On the table lay an old mobile phone, screen aglow, displaying a message: "Mission accomplished."
"Twenty years," he muttered to the air, his voice rough as sandpaper. "That little cop from back then is a hero now."
He pulled out a photograph: Song Zhao, twenty years younger, in uniform by the cellar door, the police badge flashing blindingly in the camera’s glare.
The phone suddenly vibrated.
Scarface pressed answer. A hoarse male voice asked: "What’s his condition?"
"Unconscious," Scarface laughed, the scar splitting wider with his grin. "But it doesn’t matter.
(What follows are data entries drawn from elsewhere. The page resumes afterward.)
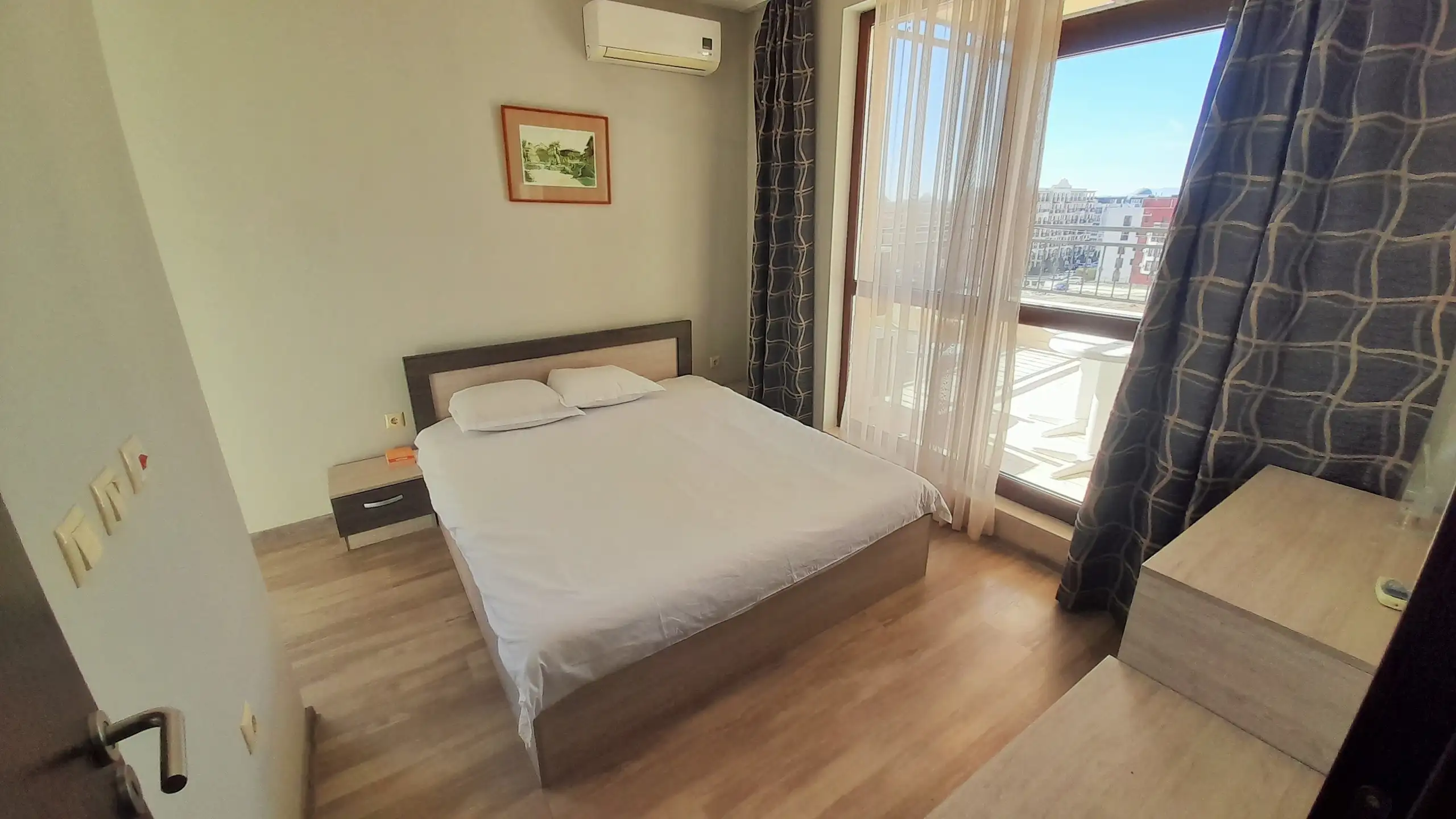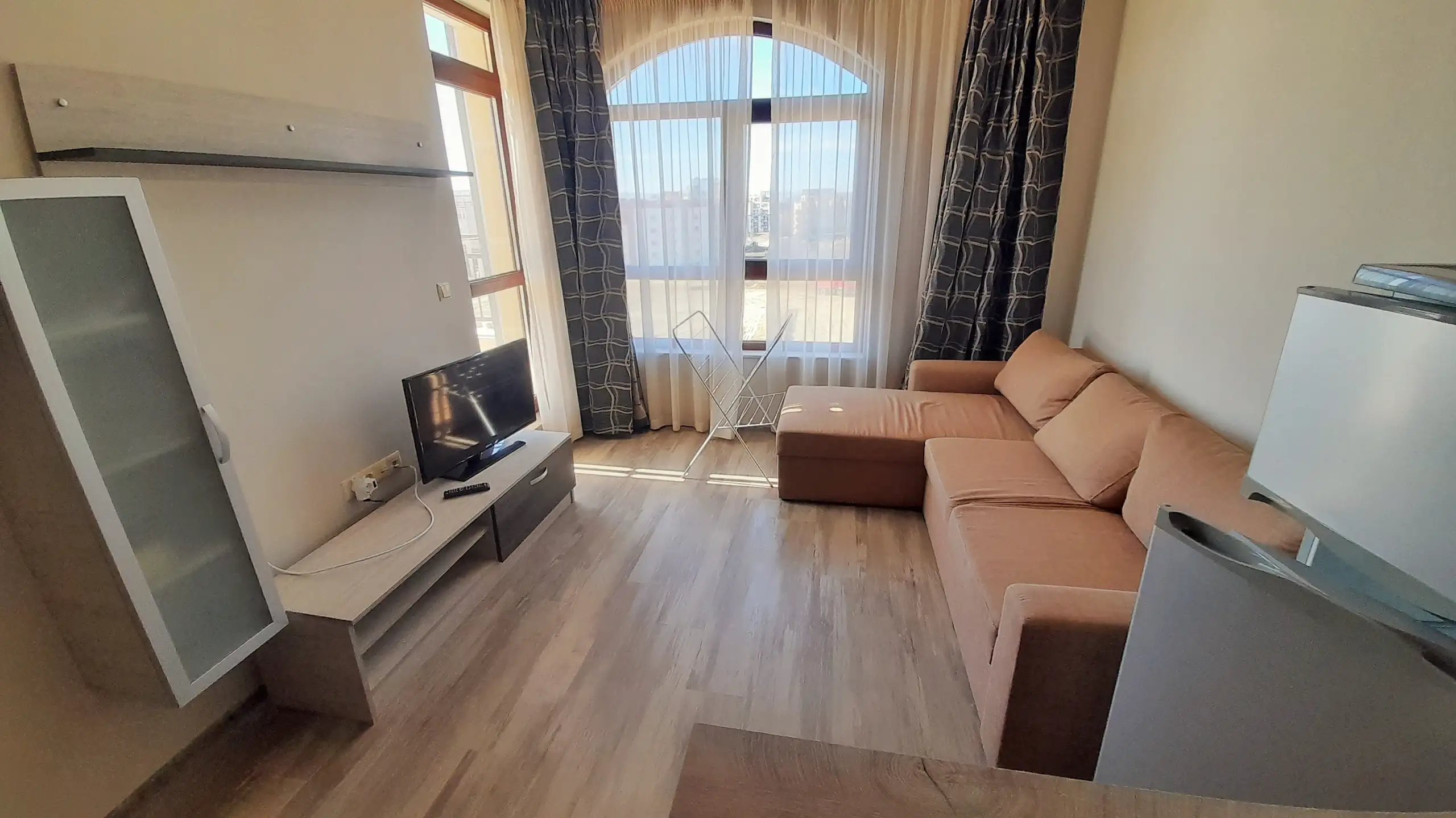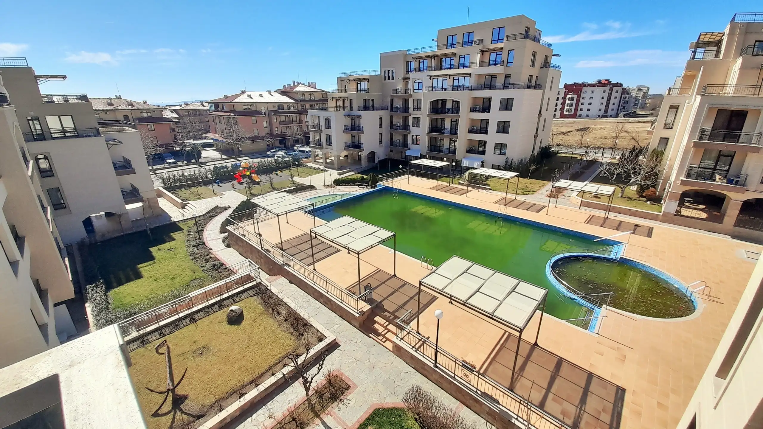 One Bedroom apartment located on the 4th floor in complex Sorento Sole Mare. The complex is located in a quiet area between the resorts of Sunny Beach and St. Vlas at 300 meters from the sea and the beautiful sandy beach. Sorento Sole Mare is a new built gated complex with big swimming pool with children’s section, located among green areas, reception, spacious lobby, playground and parking.
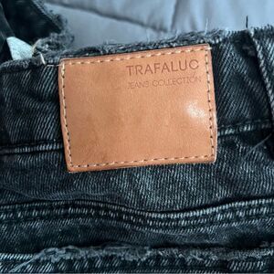 Zara Trafaluc High Waist Distressed Black Denim Shorts
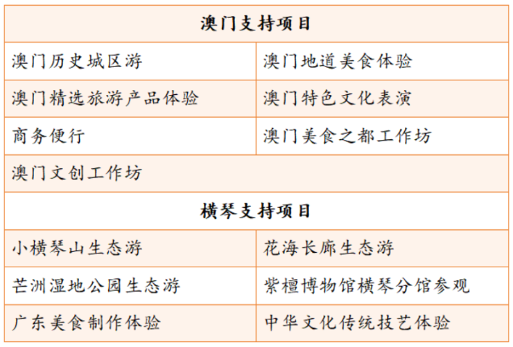报名企业可根据自身活动需要,选择不同的支持项目进行申报。合作区经济发展局、澳门旅游局审核评估通过后,旅客团可根据相关要求游玩所申报项目。
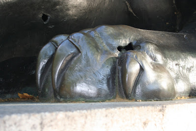 | Shrapnel wound to Sphinx of London obelisk - 1917 |
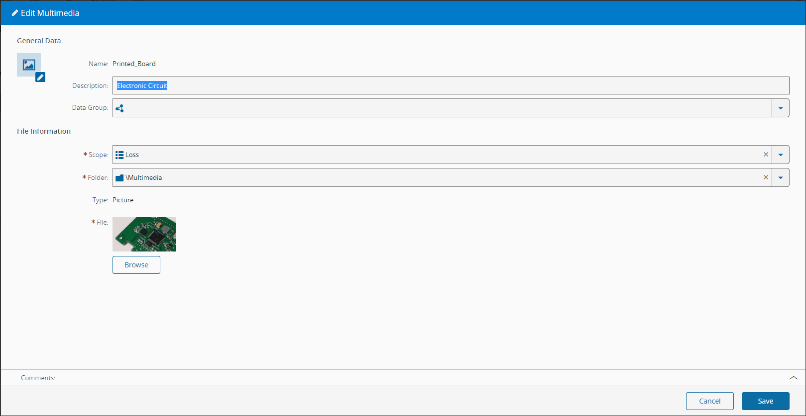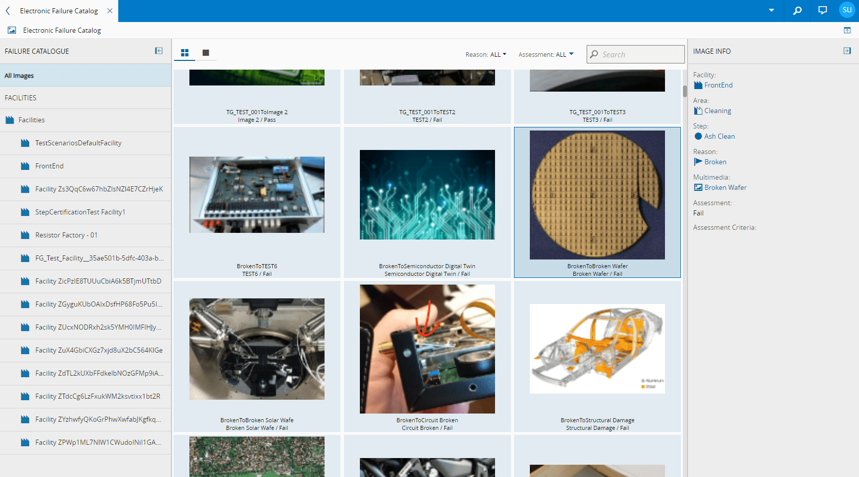 The Electronic Failure Catalogue page provides access to a collection of visual images generated automatically in the system based on information from Multimedia objects of scope Loss and the associations between Multimedia objects and Loss Reasons. This information is used to create a visual structured catalogue, which is also used when recording Material losses.
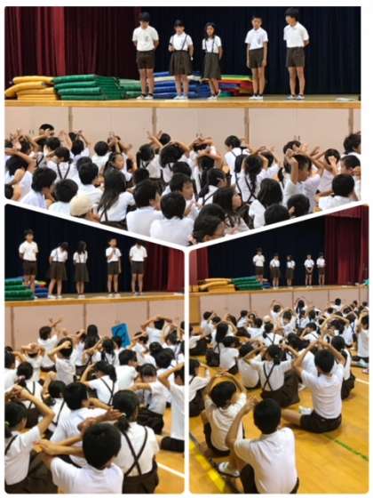 4日の朝はたてわり班活動によるなかよし集会から始まります。
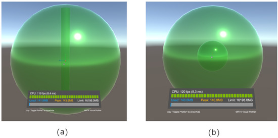 The method used to verify if the user was recording the movement within the robot’s workspace was similar to the one used for UR5, but, as in this case the workspace is constituted by two spheres, the equation used to calculate the maximum and minimum distance was Equation (1). It is worth urging the fact that this design was an approximation of the robot’s model, as the 3D object drawing was not the core of this work.
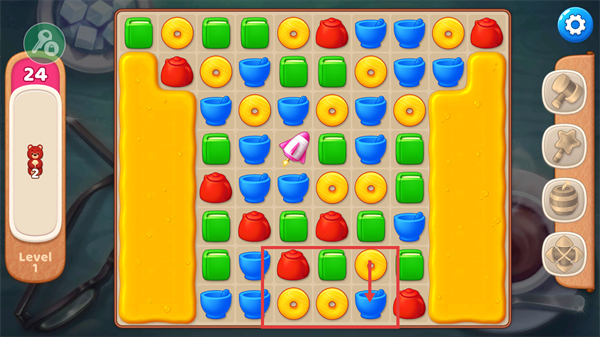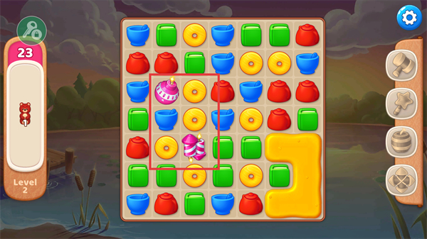 1、进入游戏关卡之后,匹配相邻的同色元素(如红色块),可触发对应消除效果,要留意剩余步数,推进关卡进程。
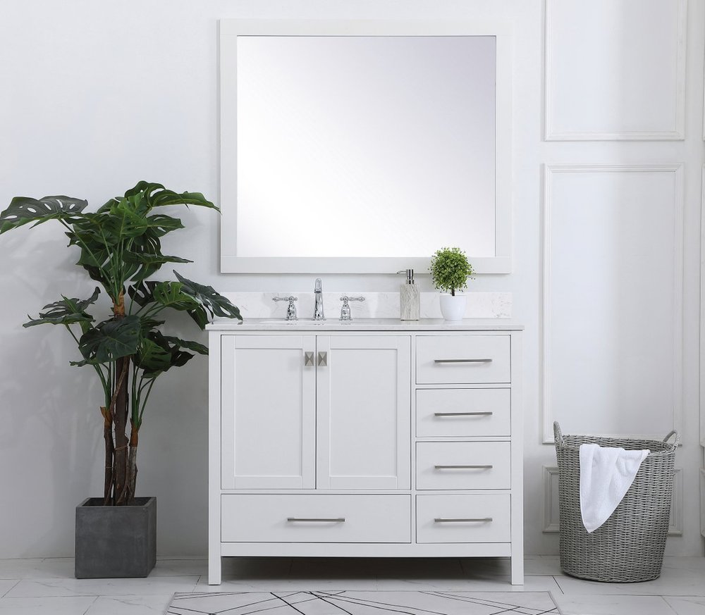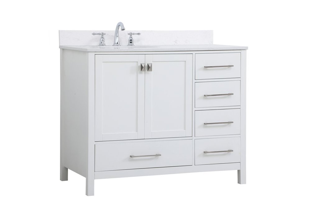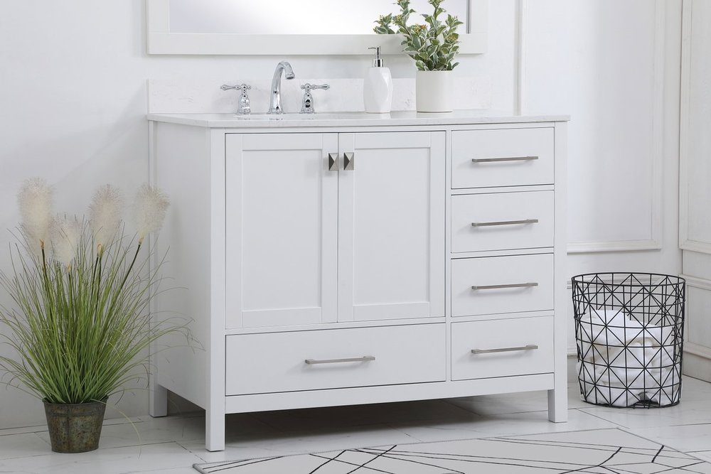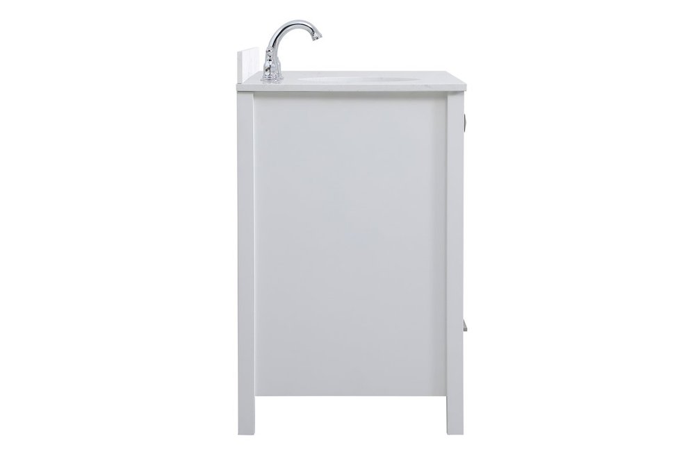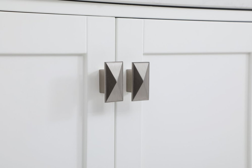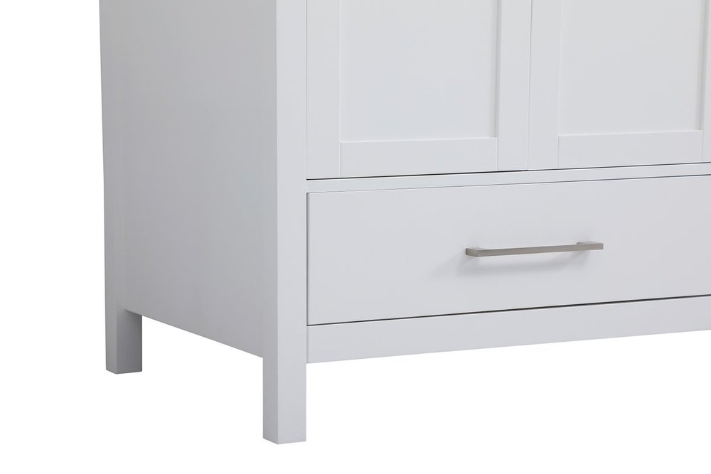 Never compromise beauty--the Irene collection stunning vanity in a white finish will add lovely sophistication and complement any bathroom or powder room, while utilizing its charm and function to provide you with ample storage spaces. Brushed nickel pulls gently adorn the minimalist cabinet doors and drawers at the base, allowing for you to store away your bathroom essentials. The calacatta engineered marble countertop, porcelain undermount sink, dignified subtle engravings on the side edges, and squared legs all come together to create contemporary beauty. Work with your space, and design a beautiful room, no matter the size. Comes with a matching backsplash to complete the look and protects your wall.
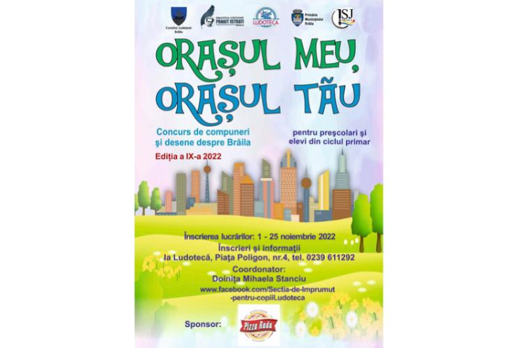Se cunoaște faptul că Brăila este un oraș cu mulți copii talentați și tocmai de aceea, Biblioteca Județeană „Panait Istrati” Brăila – Secția de Împrumut pentru Copii.Ludoteca, în parteneriat cu Inspectoratul Școlar Județean Brăila, lansează concursul de desene și eseuri cu tema „Orașul meu, orașul tău”, ediția a IX-a.
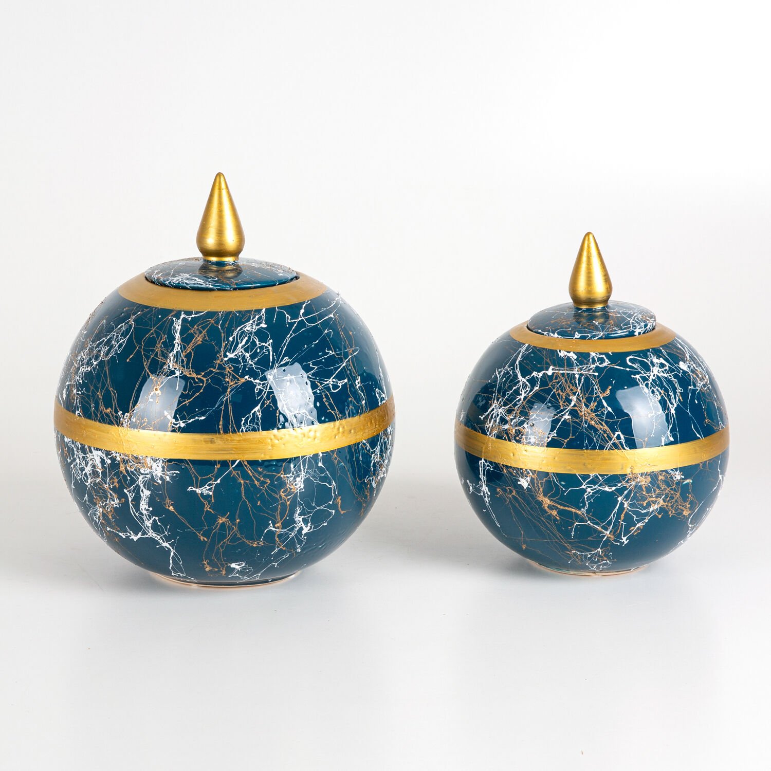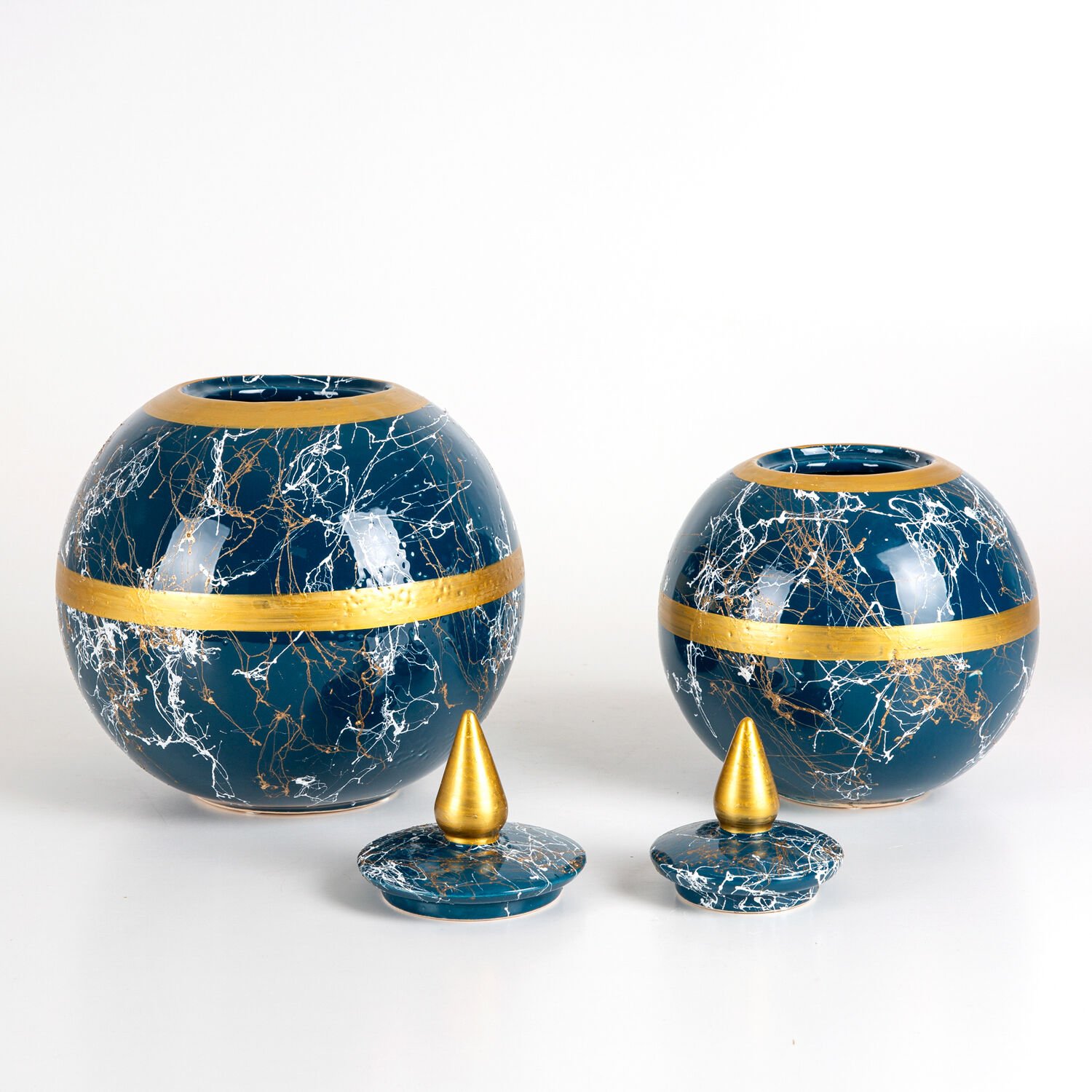 Seramik Kapaklı Küre Küp Vazo Mermer Görünümlü 2'li Set Gece Mavisi

When he wakes up, I’ll make him watch with his own eyes as the girl he tried so hard to protect turns out to be... ha ha ha ha!"
The rain intensified.
On the junkyard’s tin roof, the downpour drummed louder and louder, drowning out Scarface’s mounting, deranged laughter.
Meanwhile, three kilometers away at the city hospital, the emergency room light still glowed red.
Su Wan, soaked through, sat on the corridor bench, the register dripping onto the floor, pooling in a little puddle.
She stared at the operating room doors, her nails digging into her palm—where the old scar remained from when she’d bitten off Xiaomei’s finger all those years ago.
When the nurse pushed out the gurney, Su Wan leapt to her feet.
Song Zhao’s eyes were closed, his head wrapped in bloodied gauze, both eyes shrouded in snowy bandages.
She followed the nurse into the ward, listening to the steady beeps of the heart monitor, hauntingly like Xiaomei’s weakening breath in the cellar, twenty years before.
The rain still fell outside.
Su Wan sat by the bed, gently holding Song Zhao’s hand.
On the back of his hand was a faint pink scar, left by a trafficker’s knife when he had saved her thirteen years ago.
Now, that scar was cool and damp with rain.
"You’ll be all right," she whispered, as if speaking to Song Zhao, and to that girl curled in the straw twenty years ago. "This time, let me protect you."
The ward clock pointed to three in the morning.
Song Zhao’s fingers twitched, lightly curling around Su Wan’s.
The monitor beeped faster, as though answering in silence.